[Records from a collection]
BEGIN
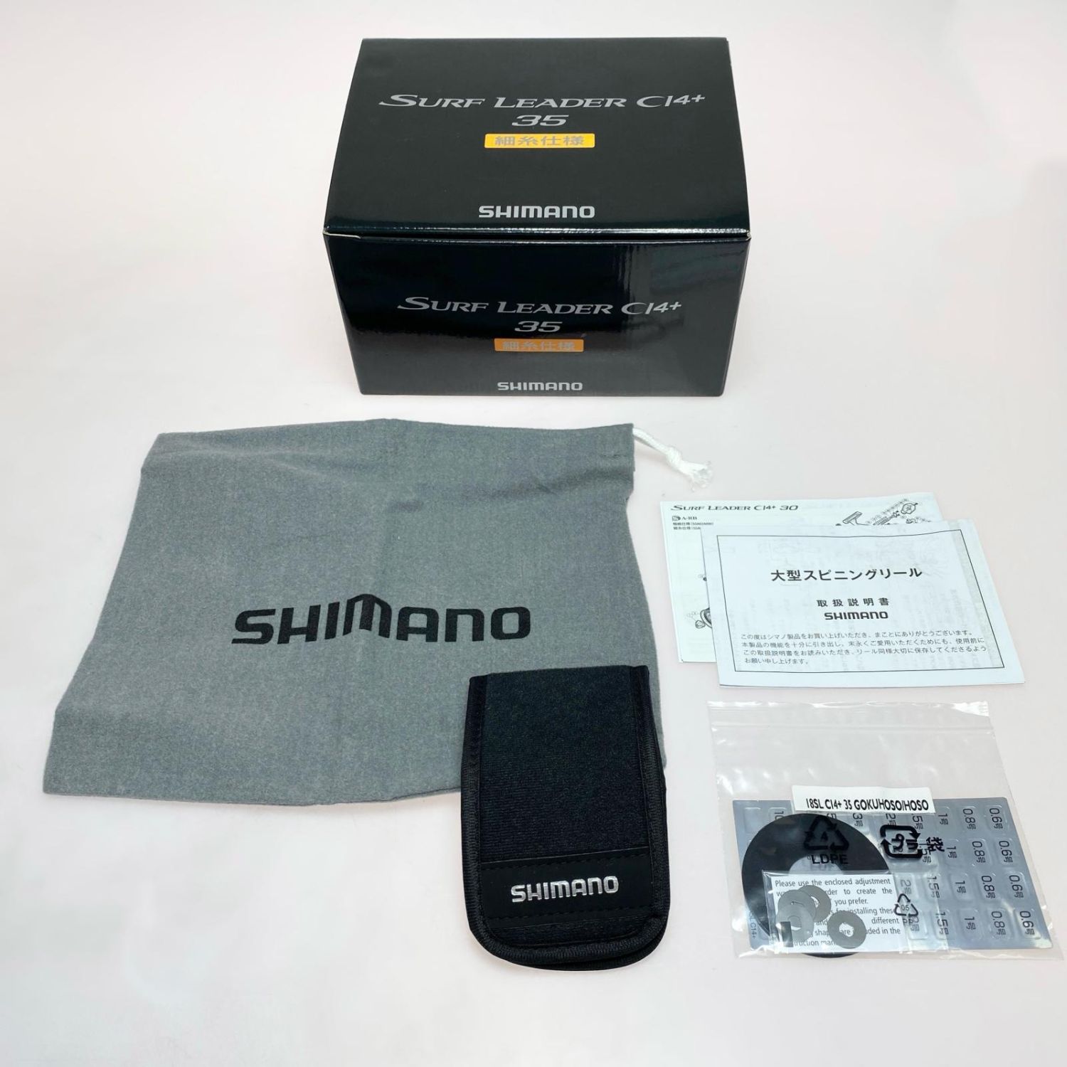 【付属品】保存袋,取扱説明書,調整ワッシャー,パーツリスト 取扱説明書、パーツリスト、保存袋、調節ワッシャー、スプールバンド付き、写真の物が全てです。
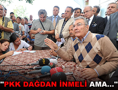 CHP Genel Başkanı Deniz Baykal, PKK terör örgütü üyelerinin dağdan inmesi gerektiğini belirterek, “Ama bu Türkiye üzerinde yapılmış olan pazarlığın ön ödemesi olarak uygulanmamalıdır” dedi. Baykal, geçtiğimiz çarşamba günü sel felaketinin yaşandığı Antalya’nın Kumluca ilçesi Beykonak Beldesi’ni ziyaret etti. Baykal, ziyarette gazetecilere yaptığı açıklamada, PKK terör örgütü üyelerinden bazılarının teslim olacağı iddialarına ilişkin değerlendirmelerde bulundu.
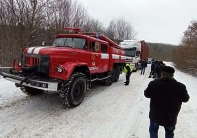 У Тернопільському районі, на територіальній автомобільній дорозі Галич – Підгайці – Сатанів, у сніговий полон потрапили дві вантажні фури Renault та DAF C.
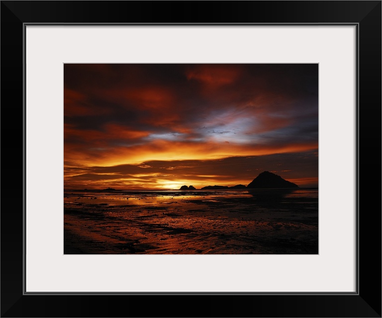 <p>Vibrant sunset colors illuminating the clouds above a beach.</p>
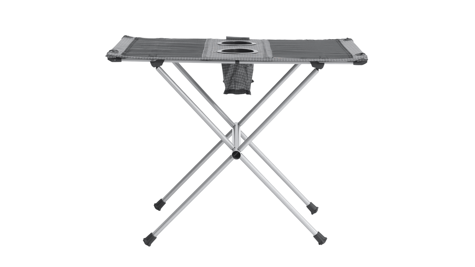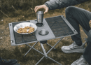 Lehký kempingový stolek s ocelovou konstrukcí, držáky na nápoje a nosností 20 kg.
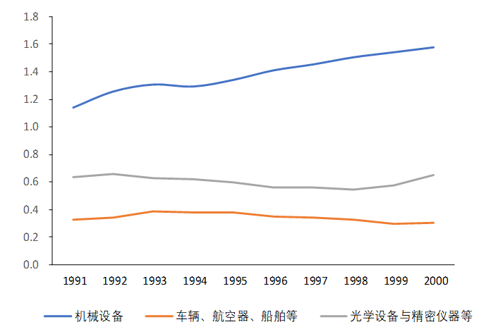 反观中国,在这个阶段,劳动密集型相关行业的RCA均出现了一定程度的上升,同时技术密集型行业的RCA也在缓步上升。
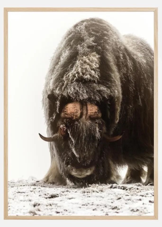 En dyrelivsplakat af en snedækket yak. Yakens lange brune pels ser blød og frodig ud, mens han vender sig mod kameraet og leder efter mad. Den snehvide baggrund får ham til at skille sig ud og tilføjer dramatik til billedet. Sæt den på din væg for at få et strejf af vinter.
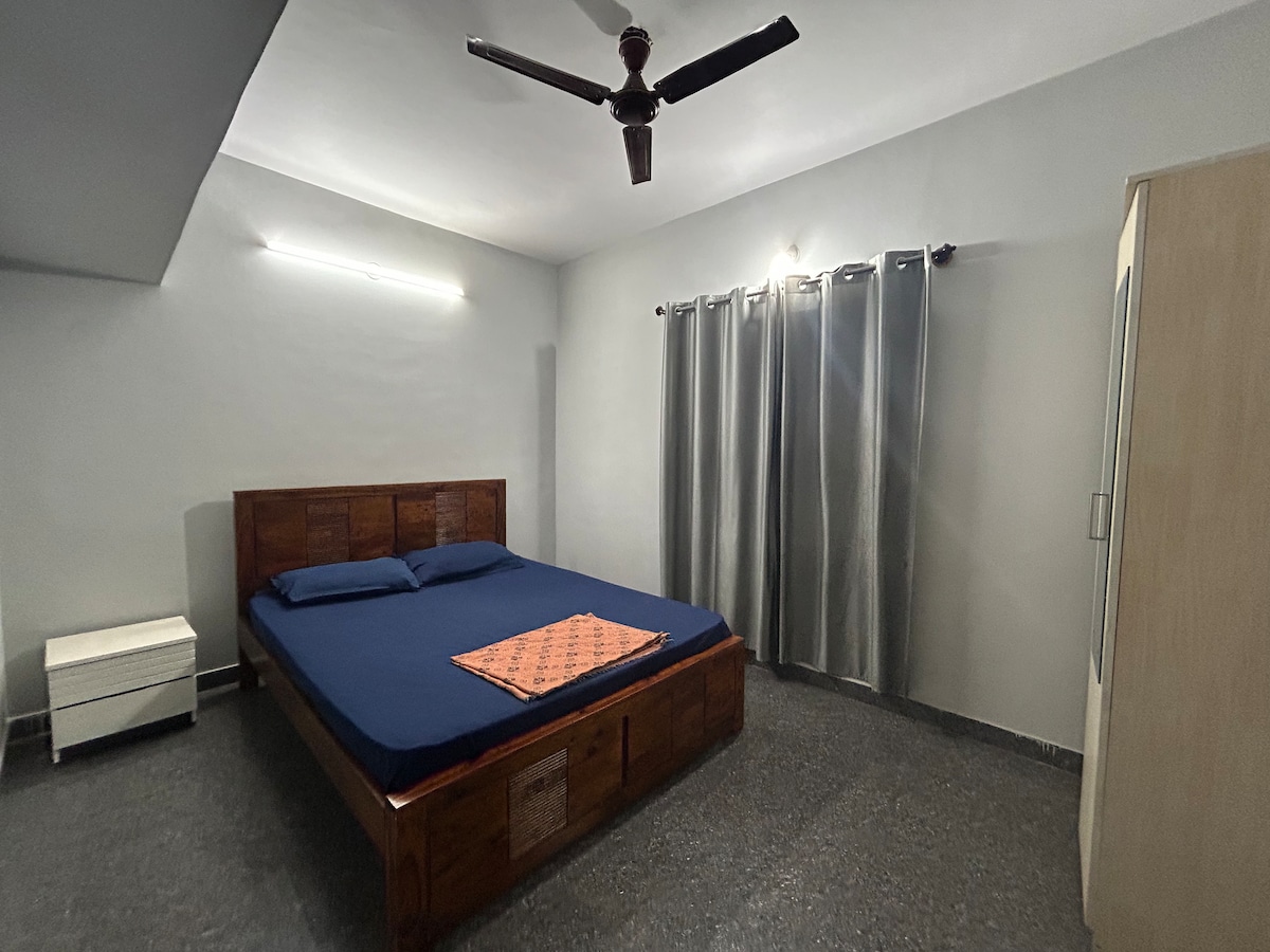 This independent studio is located on ground floor, it has private attached bathroom and kitchenette. The space opens out into a large garden, with mango and coconut trees. This property is located 1 km from the bus stop, supermarket and restaurants! It is part of a larger farm property, which has a few more Airbnb listings. AC available for extra charge: ₹300
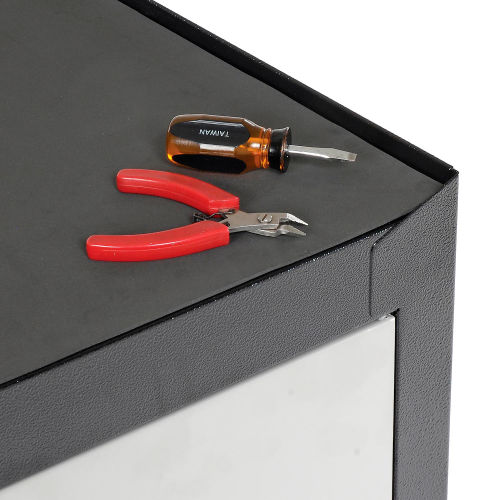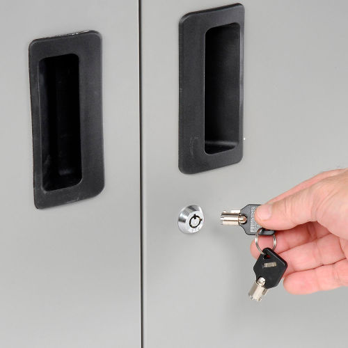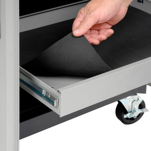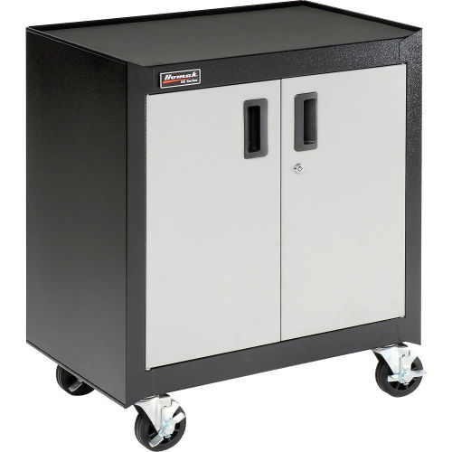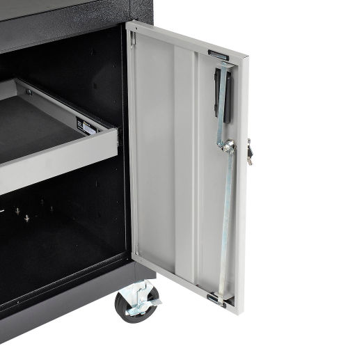 STEEL GARAGE FURNITURE WITH RECESSED HANDLES 2 Door Mobile Cabinet Configure the workstation that's right for you with this multi-unit steel garage system. Durable garage furniture components are made using high quality steel with 2 mm thick body and 2.5 mm thick framing for strength. Cabinet doors and drawer fronts feature a sleek silver finish for enhanced appearance. Cabinet doors feature a cylinder lock for security and recessed handles for a catch-free surface. Body and frame have a black finish. Includes a pull-out shelf with ball bearing glides. Mobile Cabinets move easily on 4" locking swivel casters. 3 Year Limited Warranty.
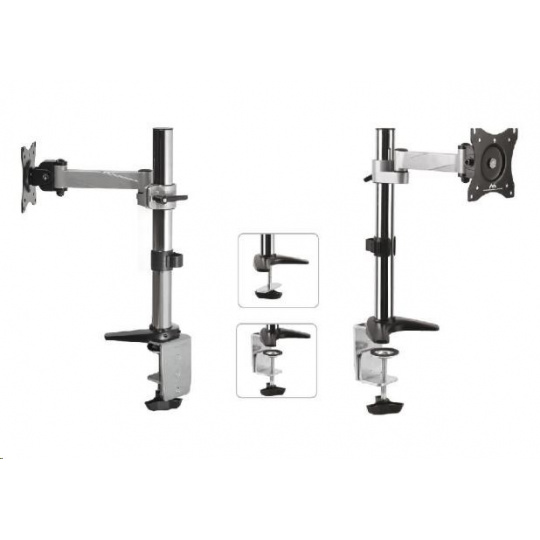 Držiak monitora na stôl Fiber Mounts MC717 Stolný držiak na monitor 15÷30", otočný, sklopný, výškové nastavenie, funkcia pivot Veľmi pekný, kvalitný a hlavne cenovo dostupný stolový držiak na zavesenie monitorov s uhlopriečkou 15÷30 palcov. Plná nastaviteľnosť polohy obrazovky - otáčanie do strán, náklon, výšková regulácia, horizontálne alebo vertikálne otočenie obrazovky, korekcia roviny. Stolný držiak MC717 podporuje VESA štandard 75x75 a 100x100, odporúčané maximálne zaťaženie je 8kg. Súčasťou balenia je montážny materiál a 2 typy uchytenia na stolovú dosku - na kraj stolu alebo skrz stolovú dosku kdekoľvek do priestoru. Držiak je výbornej kvality a naozaj pekného dizajnu. Držiak na monitor do kancelárie, domácnosti, firmy alebo do škôl -Fiber Mounts MC717 - otočný, sklopný, výškovo nastaviteľný, funkcia pivot, TOP kvalita, dizajn, vynikajúca cena za stolový držiak Technické údaje: nosnosť 8kg podpora VESA štandardu 75x75 a 100x100 odporúčame na monitor s uhlopriečkou 15" až 30" otáčanie do strán +180° / -180° náklon +35° / -35° horizontálne alebo vertikálne otočenie obrazovky monitora - funkcia pivot korekcia roviny maximálne oddialenie monitora od nosníka 246mm 2 typy uchytenia na stôl - na kraj stola / skrz stôl kdekoľvek do priestoru minimálna sila stolovej dosky 10mm maximálna sila stolovej dosky 85mm priemer nosníka 35mm výška nosníka od stolovej dosky 400mm nastaviteľná výška ramena vynikajúca kvalita snadné nastavenie polohy obrazovky monitora materiál hliník farba strieborná + chróm záruka 3 roky
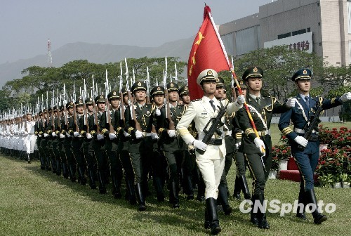图为驻港部队仪仗队举行了庄严肃穆的升旗仪式。中新社发 张勤 摄
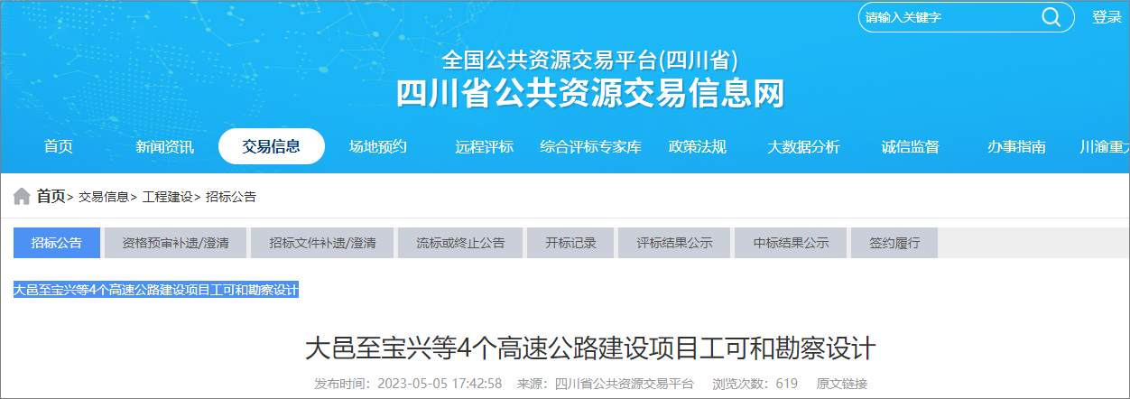 On May 5, 2023, the Sichuan Provincial Public Resources Transaction Information Network released the Dayi-Baoxing Expressway, G65 Baomao Expressway Linshui-Chongqing Boundary Section Expansion Project, S26 Dazhou-Wanzhou Expressway, Panzhihua Ring Expressway 4 Announcement of bidding for construction permit and survey and design of expressway construction projects.
END
* What this task involves: Quote word for word only the lines above from the one containing "En dyrelivsplakat af" through the one containing "This independent studio". Pictures stay out of your copy.

* Your response:
 En dyrelivsplakat af en snedækket yak. Yakens lange brune pels ser blød og frodig ud, mens han vender sig mod kameraet og leder efter mad. Den snehvide baggrund får ham til at skille sig ud og tilføjer dramatik til billedet. Sæt den på din væg for at få et strejf af vinter.
 This independent studio is located on ground floor, it has private attached bathroom and kitchenette. The space opens out into a large garden, with mango and coconut trees. This property is located 1 km from the bus stop, supermarket and restaurants! It is part of a larger farm property, which has a few more Airbnb listings. AC available for extra charge: ₹300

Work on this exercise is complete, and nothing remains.